LECTURES DES MEMBRES

" LE DIT DE TIANYI "
de François CHENG (Albin-Michel, prix Femina 1998).
Par Edith.Mayonnade qui a réagi à la conférence de Pierre Faure [du 29/01/04 intitulée "Le Yi Jing ou comment deviner notre présent] :

Hier soir tu évoquais entre autre la question de la synchronicité. Je ne résiste pas (même si tu connais parfaitement les ouvrages de François CHENG) au plaisir de te transmettre les extraits suivants de son livre "le Dit de Tianyi" tant ils font écho (de mon point de vue) à ta conférence :

Un jeune homme (personnage central du livre) retrouve un vieux peintre, Maître dans l'Art de la calligraphie et ce dernier le choisit comme disciple.

Le Maître dit : "Ce que je peux t'apprendre, c'est la grande tradition ancienne........ commencer par la calligraphie, continuer par le dessin qui permet de maîtriser la technique du trait, puis s'attaquer à l'art de l'encre pour aboutir enfin à une composition organique dans laquelle le plein incarne la substance des choses et le vide assure la circulation des souffles vitaux, reliant ainsi le fini à l'infini, comme la Création même."

Plus tard, m'ayant initié à l'art du trait et de la composition organique, le maître me dit: "la peinture chinoise est fondée sur un apparent paradoxe : elle obéit humblement aux lois du réel, dans toutes les manifestations de la vie visible et invisible, et dans le même temps, elle vise d'emblée la Vision. Il n'y a en fait pas de contradition. Car le véritable réel ne se limite pas à l'aspect chatoyant de l'extérieur, il est vision. Celle-ci ne relève aucunement du rêve ou d'un fantasme du peintre, elle résulte de la grande transformation umniverselle mue par le souffle-esprit. Etant mue par le souffle-esprit, elle ne peut être captée par l'homme qu'avec le regard de l'esprit, ce que les Anciens appelaient le troisième oeil ou l'oeil de Sapience. Comment posséder cet oeil ? Il n'y a pas d'autre voie que celle fixée par les maîtres Chan, c'est-à-dire les quatre étapes du voir : voir ; ne plus voir, s'abîmer à l'intérieur du non-voir ; re-voir. Eh bien, lorsqu'on re-voit, on ne voit plus les choses en dehors de soi ; elles sont partie intégrante de soi, en sorte que le tableau qui résulte de ce re-voir n'est plus que la projection sans faille de cette intériorité fécondée et transfigurée. Il faut donc atteindre la Vision. Tu t'accroches encore trop aux choses. Tu te cramponnes à elles. Or, les choses vivantes ne sont jamais fixes, isolées. Elles sont prises dans l'universelle transormation organique. Le temps de peindre, elles continuent à vivre, tout comme toi-même tu continues à vivre. En peignant, entre dans ton temps et entre dans leur temps, jusqu'à ce que ton temps et leur temps se confondent. Sois patient et travaille avec toute la lenteur voulue."

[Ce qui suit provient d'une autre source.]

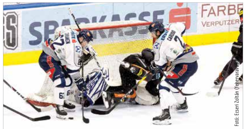
Ellenállhatatlan teljesítménnyel hangolt az év utolsó meccseire a Volán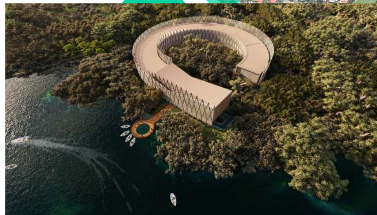
Parque Museo de la Biodiversidad Marítima de Iztapa

Medio ambiente, sostenibilidad y desarrollo de la mano, ofreciendo calidad de vida para todos.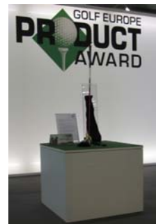
GOLF EUROPE PRODUCT AWARDS 2010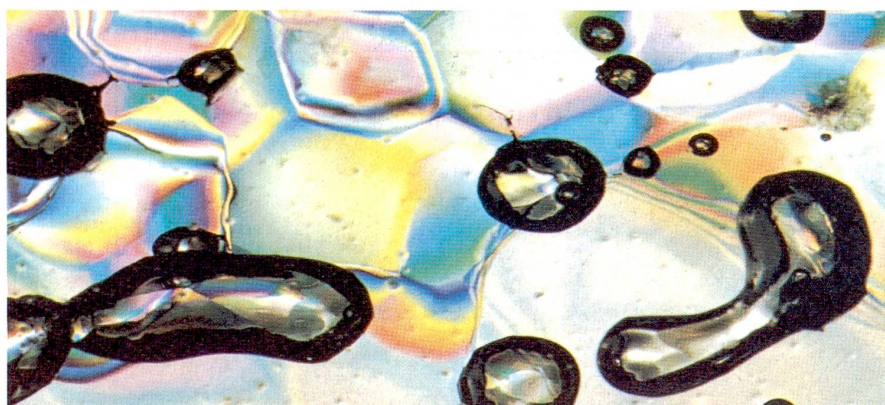
Werner Berner/Uni Bern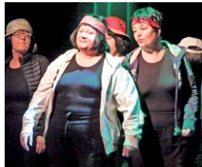
AleBabki w hip-hopowej odsłonie zrobili mocne wejście na scenę, później było jeszcze lepiej.

się w teatr 50+”, rozbawiła publiczność spektaklem tanecznym „Wirujący Senior”. 10 dziarskich pań pokazało na scenie, że bycie babcią to pojęcie względne. Publiczność nagrodziła gromkimi brawami i jeden, i drugi spektakl, z nadzieją, że przyszłoroczny Dzień Babci i Dziadka będzie mogła spędzić równie wyśmienicie.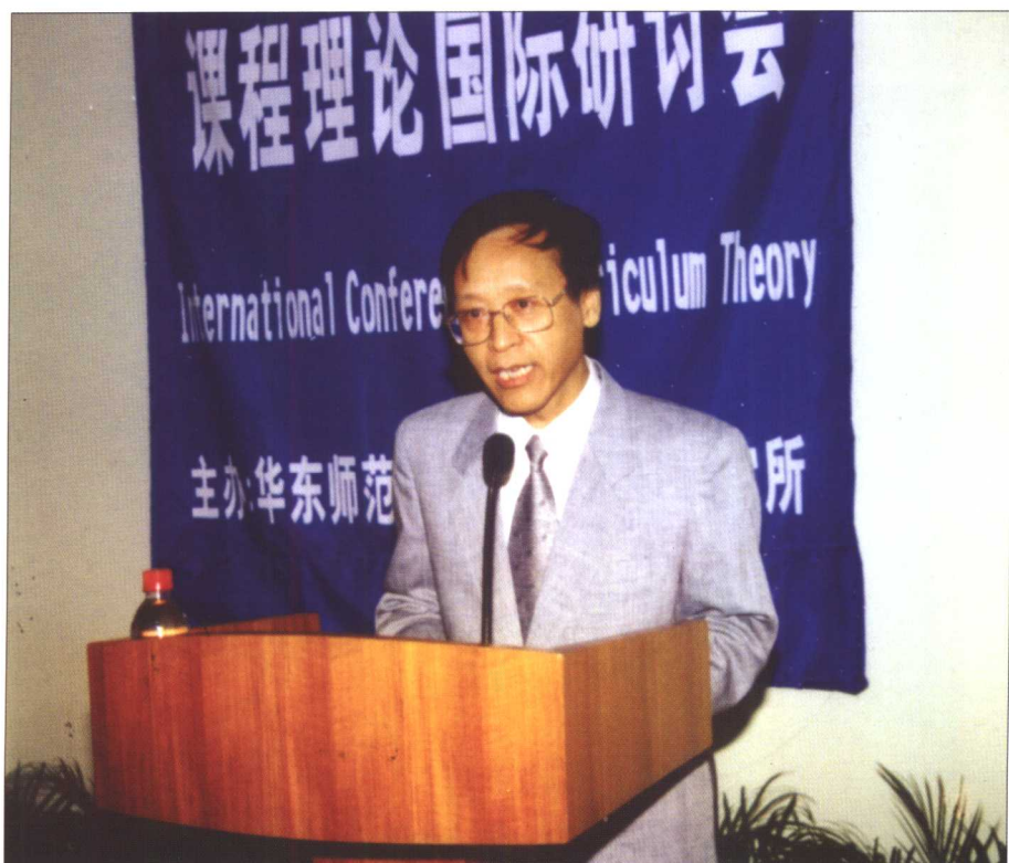
2000 课程理 论国际研讨会

Plus tard, le Maître recommande son disciple auprès d'un Professeur qui recherche des collaborateurs capables de recopier des fresques très anciennes. Pénétré par ce travail, le jeune homme dit :

"Par rapport à la peinture la plus ancienne, celle des Han, qui se remarquait par son aspect "terrien", ici l'espace, éclaté et aérien, prenait une dimension céleste attestée certes par de superbes apsaras volantes, mais également par de multiples personnages debout ou assis, comme aspirés par une invisible force ascensionnelle. Les tableaux narratifs, libérés du souci chronologique, distribuant leurs épisodes autour d'un centre lui-même mouvant, bouleversaient l'ordre spatio-temporel. Même dans les scènes plus quotidiennes, des figures de paysans qui travaillaient la terre, des artisans qui fabriquaient des outils occupaient l'espace avec aisance, comme si, par-delà leur champ délimité ou leur atelier exigu, ils avaient l'infini devant eux. Cette libération de l'espace peint et cette audace souveraine dans la composition confiant au vide son plein rôle de "structurateur", se constataient bien davantage encore dans le traitement du paysage ; elles avaient contribué sans doute à l'élaboration d'une vision paysagiste très spécifique dans la peinture classique chinoise."